■ What you are asked to do ■
In the entries below, begin at the line that has "新華社雅加達(dá)8月18" and stop after the line that has "felt lined) | |"; output those lines exactly, leaving out pictures.

■ Given data ■
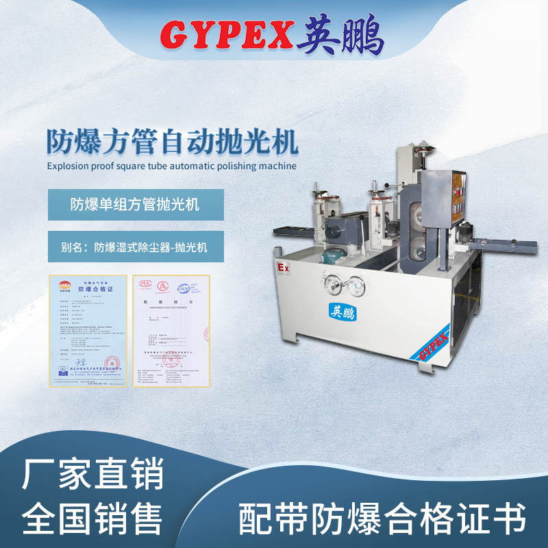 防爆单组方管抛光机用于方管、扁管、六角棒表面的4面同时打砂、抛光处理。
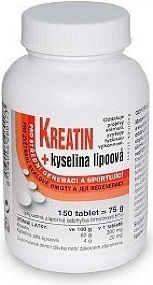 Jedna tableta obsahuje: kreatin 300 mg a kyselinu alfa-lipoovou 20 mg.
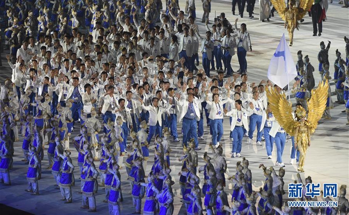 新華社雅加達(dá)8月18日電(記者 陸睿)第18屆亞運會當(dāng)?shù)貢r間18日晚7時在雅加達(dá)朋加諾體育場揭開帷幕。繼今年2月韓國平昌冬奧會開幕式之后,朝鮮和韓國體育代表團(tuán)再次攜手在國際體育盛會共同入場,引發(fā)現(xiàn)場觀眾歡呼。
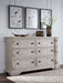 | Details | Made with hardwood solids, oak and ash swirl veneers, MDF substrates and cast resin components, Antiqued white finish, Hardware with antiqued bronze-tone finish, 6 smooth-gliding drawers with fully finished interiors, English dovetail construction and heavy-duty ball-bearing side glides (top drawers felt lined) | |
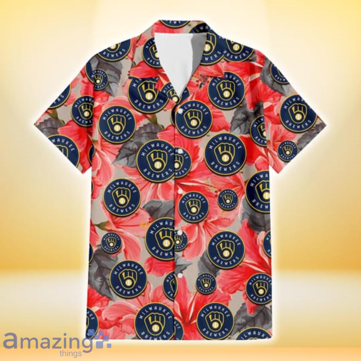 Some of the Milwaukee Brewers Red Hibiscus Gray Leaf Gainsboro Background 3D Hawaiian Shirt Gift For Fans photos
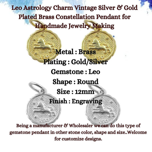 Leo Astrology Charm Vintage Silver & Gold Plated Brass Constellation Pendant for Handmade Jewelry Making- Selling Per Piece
---
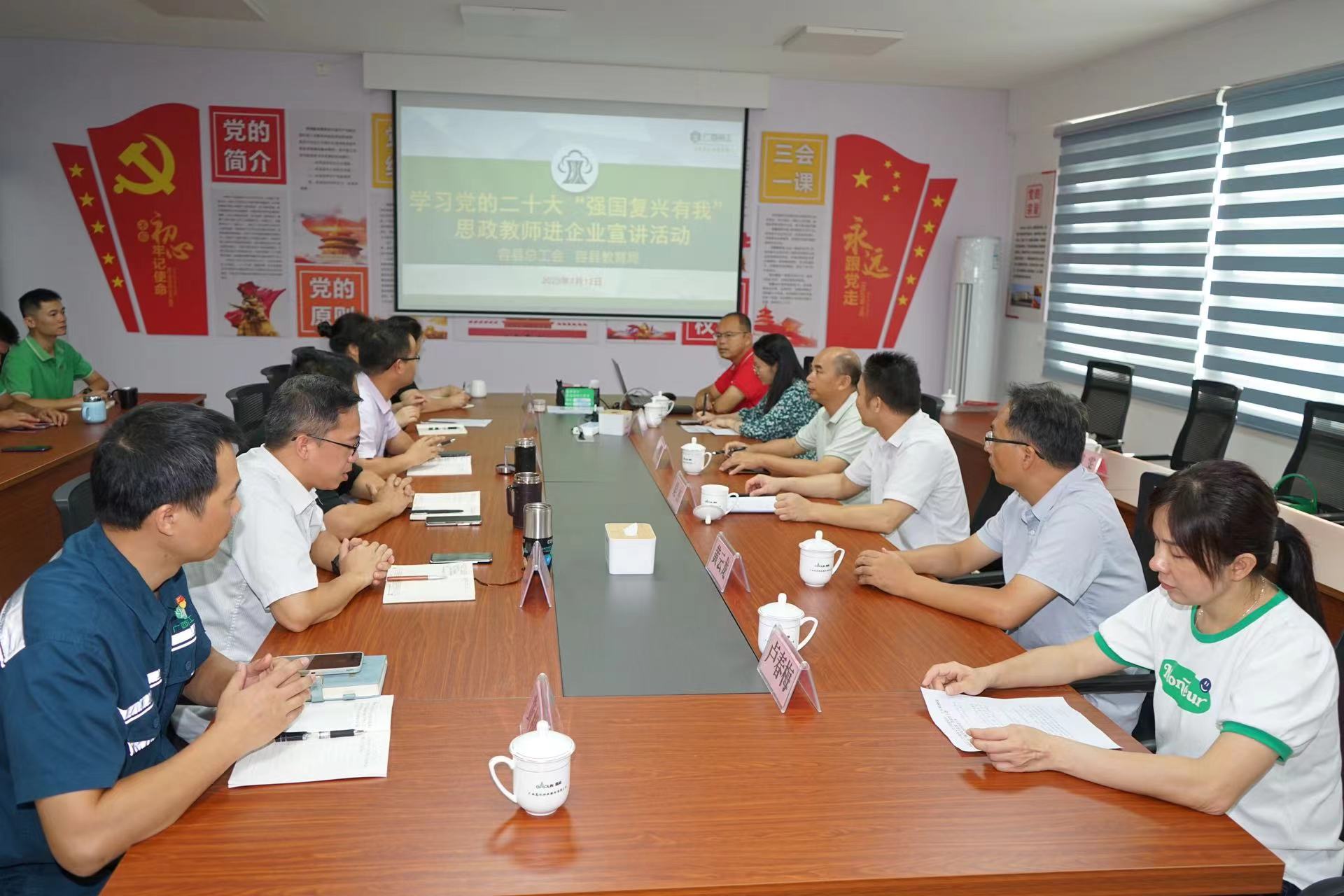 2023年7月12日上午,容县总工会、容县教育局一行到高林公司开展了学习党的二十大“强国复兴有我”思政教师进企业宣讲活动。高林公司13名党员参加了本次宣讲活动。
...
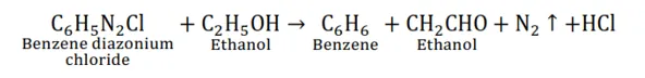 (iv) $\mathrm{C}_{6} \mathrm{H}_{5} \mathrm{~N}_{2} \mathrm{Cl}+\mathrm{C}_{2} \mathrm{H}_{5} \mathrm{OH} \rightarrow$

■ Response area ■
 新華社雅加達(dá)8月18日電(記者 陸睿)第18屆亞運會當(dāng)?shù)貢r間18日晚7時在雅加達(dá)朋加諾體育場揭開帷幕。繼今年2月韓國平昌冬奧會開幕式之后,朝鮮和韓國體育代表團(tuán)再次攜手在國際體育盛會共同入場,引發(fā)現(xiàn)場觀眾歡呼。
 | Details | Made with hardwood solids, oak and ash swirl veneers, MDF substrates and cast resin components, Antiqued white finish, Hardware with antiqued bronze-tone finish, 6 smooth-gliding drawers with fully finished interiors, English dovetail construction and heavy-duty ball-bearing side glides (top drawers felt lined) | |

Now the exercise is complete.